== About this task ==
What is needed is an exact copy of the records below, minus any pictures.

Dataset items:
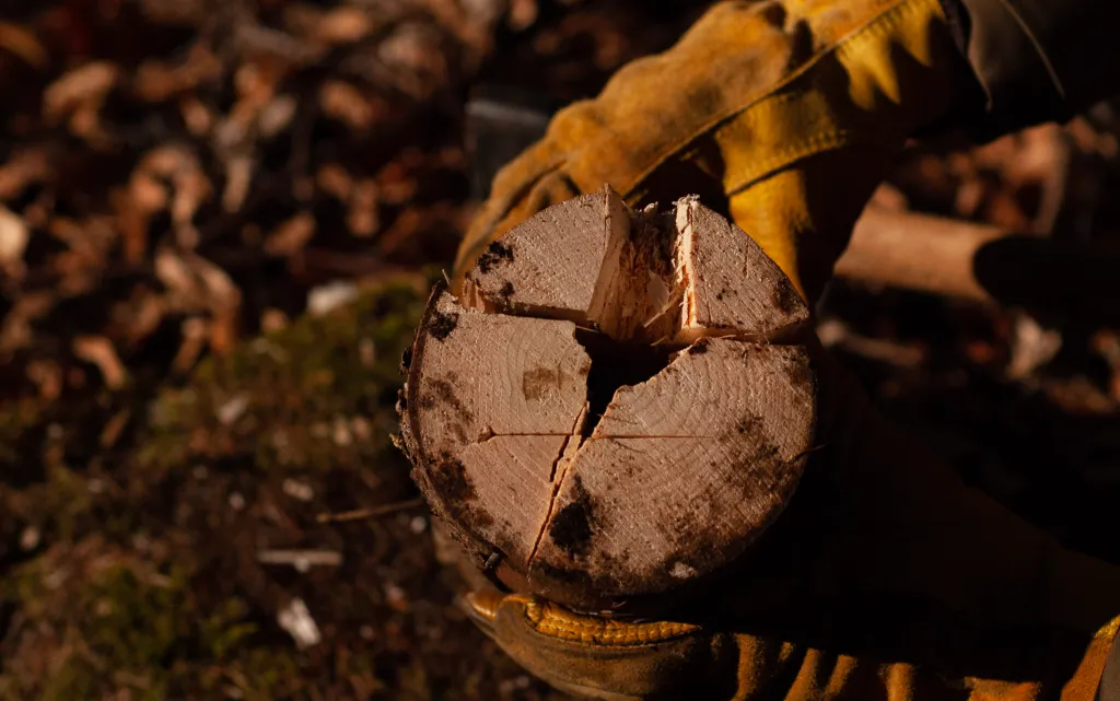 (How to split very thick tree trunks with a small axe, which I will describe in detail in another video.)
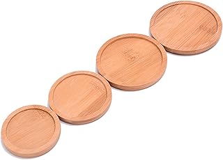 竹製 トレイ 鉢 プランター サボテン 植物皿 多肉植物 和風 植木鉢 ベージュ 6個セット 4サイズ (E:外径9.5cm;内径8.5cm)
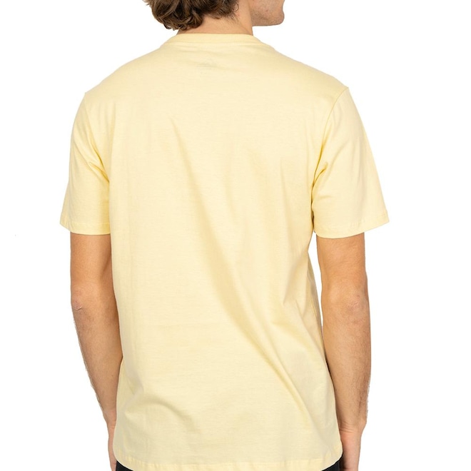 Camiseta QuikSilver feita em modelagem regular fit, meia malha penteada, estampa aplicada na frente e etiqueta da marca aplicada na manga do lado esquerdo de quem veste.
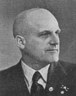 - Im Juli 1937 etablierte die vorgesetzte VoMi[86] Jens Möller von der 1935 gegründeten „Nationalsozialistischen Deutschen Arbeiterpartei Nordschleswig“ (NSDAP-N) zum Hauptansprechpartner des Reiches für die dortige Volkstumsarbeit.[87] Ab 1938 trat Jens Möller mit Unterstützung Berlins als unbestrittener „Volksgruppenführer“ hervor.[88] Möller erhoffte sich eine Grenzrevision mit dem Ziel einer Wiedervereinigung von Nordschleswig mit Schleswig-Holstein,[89] jedoch legten die reichsdeutschen Behörden seiner Manövrierfreiheit sehr enge Grenzen auf.[90] Im Dezember 1940 wurde Jens Möller in Berlin angewiesen „das Deutschtum in der Heimat zu befestigen“, wonach die „Volksgruppenführung“ ihr Hauptaugenmerk auf eine Stärkung der politischen Organisation und des kulturellen Lebens der Volksgruppe setzte.[91] 1943 richtete das dänische Staatsministerium ein behördliches Büro für die deutsche Volksgruppe ein.[86]
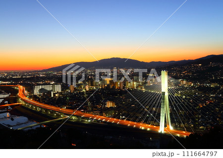 池田市五月山の秀望台からみた夕景、阪神高速道路池田線と新稲川大橋(ビッグハープ)
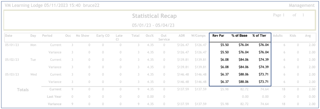 - ADR % of tier - ADR compared to the applicable tier rate.
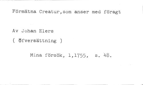 Förmätna Creatur,som anser med föragt //// Av Johan Elers //// ( öfversättning ) //// Mina försök, 1,1755, s. 48.
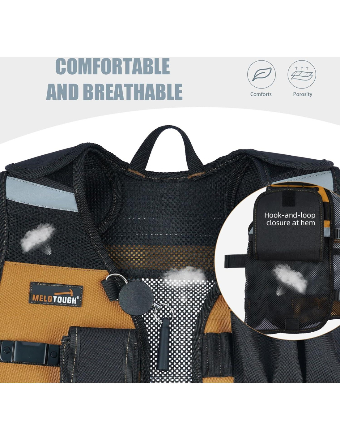 - CÓMODO Y TRANSPIRABLE: El material de malla hace que el chaleco de herramientas sea transpirable y ayuda a mantenerte seco y cómodo a través de la circulación de aire.
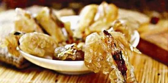 既然雪蛤本身是指林蛙,那么我们平常食用的"雪蛤"是指哪里呢?我们平常所吃的,其实是雌蛙输卵管的干燥物,原本被称之为"雪蛤油",是名贵的食品、补品、药品,具有"滋补益精、养阴润肺、补脑益智"等功效,自古在民间就被誉为与东北三宝齐名的传世滋补佳品。由于林蛙油的意义大于林蛙本身,时间长了,就干脆直接称为将林蛙油称为"雪蛤"。最好的时候就是十月底下第一场雪的时候,此时林蛙储存了足够的能量准备冬眠,因此雪蛤油是甜润的。过了十一月就开始发苦,而等到开春,就该产卵了。
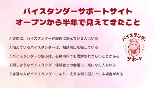 「バイスタンダーサポートサイト」は、3月9日にサイトオープンから半年を迎えます。この取り組みが、より広く知られることで、さらに多くのバイスタンダーがサポートを受けられるようになると考えます。ぜひ、この重要なテーマについて取材していただけましたら幸いです。

== Answer below ==
 (How to split very thick tree trunks with a small axe, which I will describe in detail in another video.)
 竹製 トレイ 鉢 プランター サボテン 植物皿 多肉植物 和風 植木鉢 ベージュ 6個セット 4サイズ (E:外径9.5cm;内径8.5cm)
 Camiseta QuikSilver feita em modelagem regular fit, meia malha penteada, estampa aplicada na frente e etiqueta da marca aplicada na manga do lado esquerdo de quem veste.
 - Im Juli 1937 etablierte die vorgesetzte VoMi[86] Jens Möller von der 1935 gegründeten „Nationalsozialistischen Deutschen Arbeiterpartei Nordschleswig“ (NSDAP-N) zum Hauptansprechpartner des Reiches für die dortige Volkstumsarbeit.[87] Ab 1938 trat Jens Möller mit Unterstützung Berlins als unbestrittener „Volksgruppenführer“ hervor.[88] Möller erhoffte sich eine Grenzrevision mit dem Ziel einer Wiedervereinigung von Nordschleswig mit Schleswig-Holstein,[89] jedoch legten die reichsdeutschen Behörden seiner Manövrierfreiheit sehr enge Grenzen auf.[90] Im Dezember 1940 wurde Jens Möller in Berlin angewiesen „das Deutschtum in der Heimat zu befestigen“, wonach die „Volksgruppenführung“ ihr Hauptaugenmerk auf eine Stärkung der politischen Organisation und des kulturellen Lebens der Volksgruppe setzte.[91] 1943 richtete das dänische Staatsministerium ein behördliches Büro für die deutsche Volksgruppe ein.[86]
 池田市五月山の秀望台からみた夕景、阪神高速道路池田線と新稲川大橋(ビッグハープ)
 - ADR % of tier - ADR compared to the applicable tier rate.
 Förmätna Creatur,som anser med föragt //// Av Johan Elers //// ( öfversättning ) //// Mina försök, 1,1755, s. 48.
 - CÓMODO Y TRANSPIRABLE: El material de malla hace que el chaleco de herramientas sea transpirable y ayuda a mantenerte seco y cómodo a través de la circulación de aire.
 既然雪蛤本身是指林蛙,那么我们平常食用的"雪蛤"是指哪里呢?我们平常所吃的,其实是雌蛙输卵管的干燥物,原本被称之为"雪蛤油",是名贵的食品、补品、药品,具有"滋补益精、养阴润肺、补脑益智"等功效,自古在民间就被誉为与东北三宝齐名的传世滋补佳品。由于林蛙油的意义大于林蛙本身,时间长了,就干脆直接称为将林蛙油称为"雪蛤"。最好的时候就是十月底下第一场雪的时候,此时林蛙储存了足够的能量准备冬眠,因此雪蛤油是甜润的。过了十一月就开始发苦,而等到开春,就该产卵了。
 「バイスタンダーサポートサイト」は、3月9日にサイトオープンから半年を迎えます。この取り組みが、より広く知られることで、さらに多くのバイスタンダーがサポートを受けられるようになると考えます。ぜひ、この重要なテーマについて取材していただけましたら幸いです。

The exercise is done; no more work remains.